Здесь человек пятьдесят, не меньше, и они с виду прекрасно проводят время. В основном болтают. Через арку вижу почти расчищенную от мебели комнату с новогодней елкой, в которой два автомата с настольным хоккеем, и там, судя по всему, проходят игры года, потому что там принимают ставки. Бегая глазами по лицам, пытаюсь найти среди них свою сестру, но ничего хотя бы отдаленно напоминающего Карину не вижу. Обернувшись через плечо, смотрю на коридор, в котором минуту назад… скрылся Дубцов со своей блондинкой, и сквозь противное ощущение где-то в животе, стараюсь не думать о том, чем они там занимаются…
— Ань…
— Ммм? — смотрю на Алену, которая изображает на лице очень виноватое выражение.
— Нас в кафешку пригласили…
— Кто? — смотрю по сторонам.
— Да этот переросток, — закатывает она глаза, но потом улыбается. — Если не хочешь, останемся здесь… Без тебя я не пойду, так что…
Поняв, о чем она меня просит, вдруг испытываю щемящий дискомфорт, потому что, несмотря ни на что, я вдруг понимаю — присутствие этого Дубцова где-то поблизости все это время делало меня очень и очень живой, хотя до этой минуты я не жаловалась на интерес к миру и вообще, я счастливый человек…
Бросив последний взгляд на проклятый коридор, делаю вдох и киваю.
Может, он больше не появится, а Алена… кажется, у нее свидание…
— Мы же не пешком пойдем? — спрашиваю жизнерадостно.
Глава 17
— Это я… — Толкнув калитку, прохожу во двор.
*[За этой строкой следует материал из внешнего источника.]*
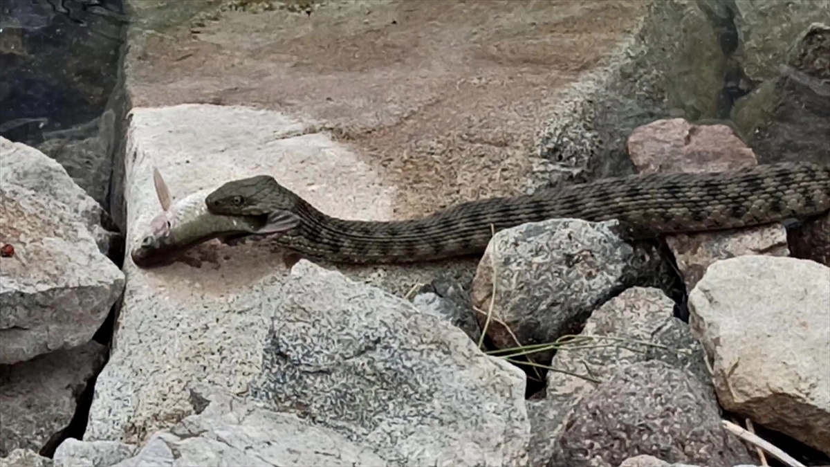 "Yılanlar baharın gelmesiyle kış uykusundan uyanır. Aç olan yılanlar uyandıklarında suya yakın bölgelere giderek balık, kurbağa gibi canlıları avlar. Keban Baraj Gölü'nde 28-30 çeşit balık türü varken halk arasında 'kral balığı' olarak bilinen balıkla beslendiğini görüyoruz. Suda yakaladığı balığa zehrini aktararak kısmi felce uğratıyor. Yılanların mide ve karın kasları çok gelişmiştir. Vücudundan daha büyük bir canlıyı rahatlıkla yutabiliyor. Zehirli yılanların kuyrukları küt, ince boyunlu ve kafa yapısı üçgen şekildedir."

Неугомонный нос Демона уже тычется в мою ладонь. Порывшись в кармане, достаю пакет с его вкусняшками, и отдаю сразу все. Синеватый свет из окна падает на нас с ним, из чего заключаю, что дед еще не спит, хотя обычно спит еще до одиннадцати, а уже почти полночь.
Для субботнего вечера время детское, это понимаю даже я, но вечер в компании футболиста Артема Колесова и его друга Арсения показался мне пыткой, поэтому Алёна отпустила меня домой. Этот Арсений вдруг решил, что я мечтаю иметь с ним ежеминутные тактильные контакты. Он постоянно прижимался ко мне то плечом, то бедром, то ещё чем-нибудь. И то, что мне это не нравится, дико его раззадоривало.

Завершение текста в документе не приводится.